ESPE2023 Poster Category 2 Adrenals and HPA Axis (37 abstracts)
Pediatric Endocrinology and Diabetology Unit, Department of Pediatrics, Faculty of Medicine, Alexandria University, Alexandria, Egypt
Introduction: Aldosterone synthase deficiency (ASD), also known as Corticosterone methyloxidase deficiency, is a rare autosomal recessive disorder characterized by severe hyperkalemia, salt loss, vomiting, severe dehydration and failure to thrive. It is caused by inactivating mutations of the CYP11B2 gene. We herein report the first confirmed Egyptian infant who had clinical and hormonal features of aldosterone synthase deficiency. Unexpectedly, our patient had hypertension at diagnosis.
Case summary: A 4-month-old boy born to consanguineous parents with a birth weight of 3.700 Kg, presented with faltering growth noticed since the age of 2 months. He had history of recurrent vomiting and poor feeding, and no history of polyuria or polydipsia. His weight was 4.5 KG (-3SD), length 51 cm (-4.3SD), penile length 3 cm, and palpable testes. Despite being dehydrated, his blood pressure was between the 95th and 97th percentiles for age. His laboratory investigations showed hyponatremia, hyperkalemia, and metabolic acidosis. His random blood sugar, and renal functions were normal. Congenital adrenal hyperplasia was excluded with normal levels of 17-hydroxyprogesterone 1.04 ng/ml (0.34-4.7), ACTH 8am 4.32 pg/ml (7.2-63), and cortisol 8 am 20.97 mg/dl. Pseudohypoaldosteronism was suspected due to the elevated blood pressure, however, renin, aldosterone were done showing hyperreninemic hypoaldosteronism. He had elevated spot Na 58 mEq/L, and Cl 30 mEq/L in urine, with low urine K 6.2 mEq/L and a transtubular potassium gradient of 2. Ultrasonography of the kidneys and adrenal glands were normal. These findings suggested a diagnosis of aldosterone synthase deficiency, and treatment with fludrocortisone, sodium chloride 3%, and oral bicarbonate was started. In addition, therapy with angiotensin-converting enzyme inhibitor was transiently required initially to control elevated blood pressure. A novel homozygous pathogenic variant was identified by genetic analysis in CYP11B2 (c.1012C>T, p.Gln338Ter) confirming the diagnosis of congenital hypoaldosteronism due to corticosterone methyloxidase II deficiency.

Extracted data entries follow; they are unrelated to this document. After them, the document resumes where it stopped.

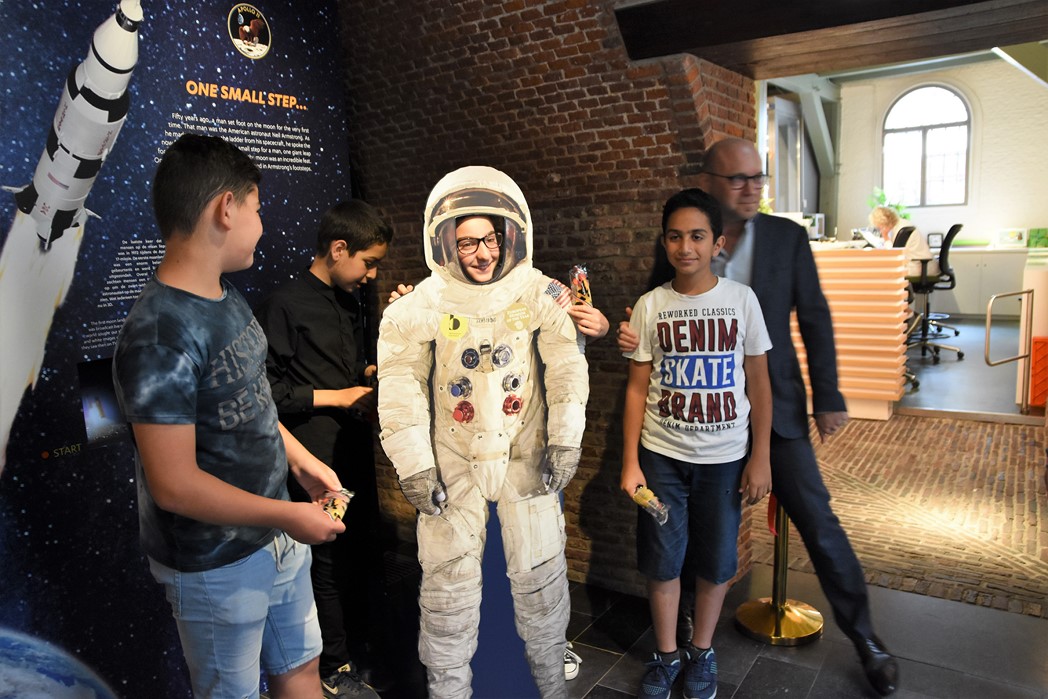 Donderdagmiddag werd de presentatie onthuld die leerlingen van de YES WeekendKlas samen met de conservatoren van museum Boerhaave bedacht en gemaakt hebben. Op de presentatie is onder andere een van de maanstenen te zien die de astronauten mee naar de aarde hebben genomen en stukje van de Nederlandse vlag die mee geweest is naar de maan. Op een schermpje zijn de start van de Apollo en de eerste stap op de maan te zien. Samen met de leerlingen onthulde directeur Amito Haarhuis de presentatie. Komend weekend is er in het museum een themaweekend over de maanlanding met rondleidingen, workshops en een familielezing door Govert Schilling, bekend van de tv-serie ‘Govert naar de grenzen van het heelal’.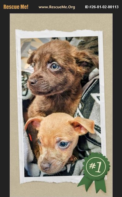 These two are a bonded pair out of a litter of 7, they have an extremely strong bond, so they MUST be adopted together. Just a heads up, the brown pup is female and the blonde pup is male!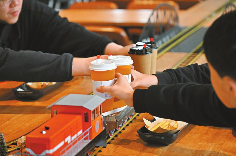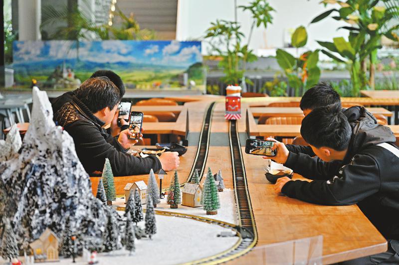 12月24日,成都机车厂老厂房改造的火车主题餐厅吸引不少市民前来打卡,顾客从送餐“小火车”上取餐。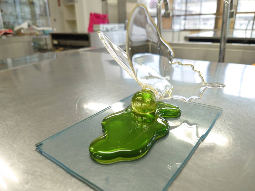 冷めてしまうと、硬くなってしまうので、熱さが残っている間に、ひっぱったり型に流したりでたくさんの部品をつくり、最後に大きな作品に組み上げます。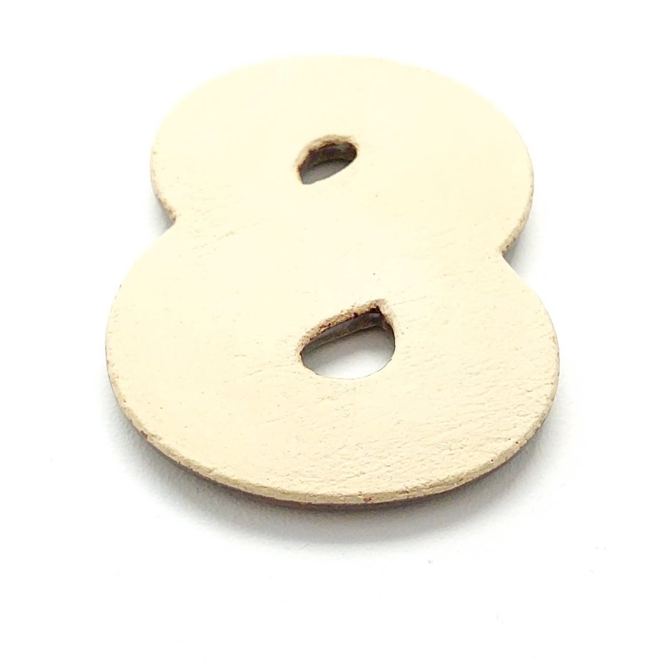Ceramiczna cyfra 8 z ozdobnym, lekko wypukłym ornamentem, do zamocowania na drzwi mieszkania lub domu. Wykonana z jasnej gliny, pokryta błyszczącym szkliwem. Dwukrotnie wypalana w wysokiej temperaturze.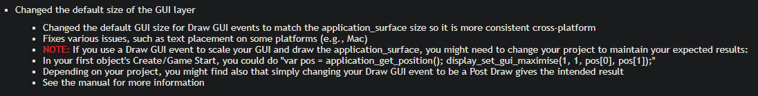The first was that it actually completely broke in Game Maker Studio 1.4.9999. For reference, we use 1.4.1804, the release just before 1.4.9999, as our release candidate, due to a few quirks such as sound issues, but some devteam develop on 1.4.9999 due to it being all that’s available to them. Between the two versions though, the base GUI code was changed to be more consistent cross-platform.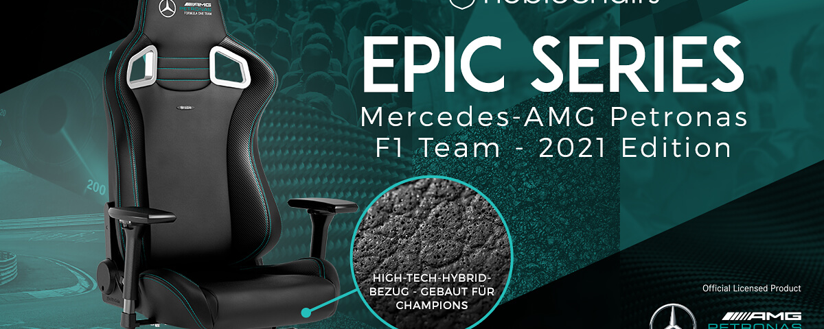 Mit der Mercedes-AMG Petronas Formula One Team – 2021 Edition des EPIC bietet noblechairs einen stylischen Gaming-Stuhl an, der in Zusammenarbeit mit den siebenmaligen F1™ World Constructors“ Champions in Deutschland entwickelt worden ist. Das Ergebnis ist ein luxuriöser Gaming-Chair, der mit seinem von der Rennlackierung des Mercedes-AMG F1 W11 EQ Performance inspirierten und offiziell lizenzierten Design in den charakteristischen Farben des Teams die Herzen von F1 Rennsport-Fans höherschlagen lässt. Jetzt neu bei Caseking!

Conclusion: Although a rare cause of hyperreninemic hypoaldosteronism, aldosterone synthase deficiency should be suspected in infants presenting with salt-wasting. It is a life-threatening disease, if left untreated; however, it has a good prognosis when adequate fludrocortisone replacement is given. Hypertension has been rarely reported and is postulated to be caused by the high levels of renin and angiotensin II as potent vasoconstrictors.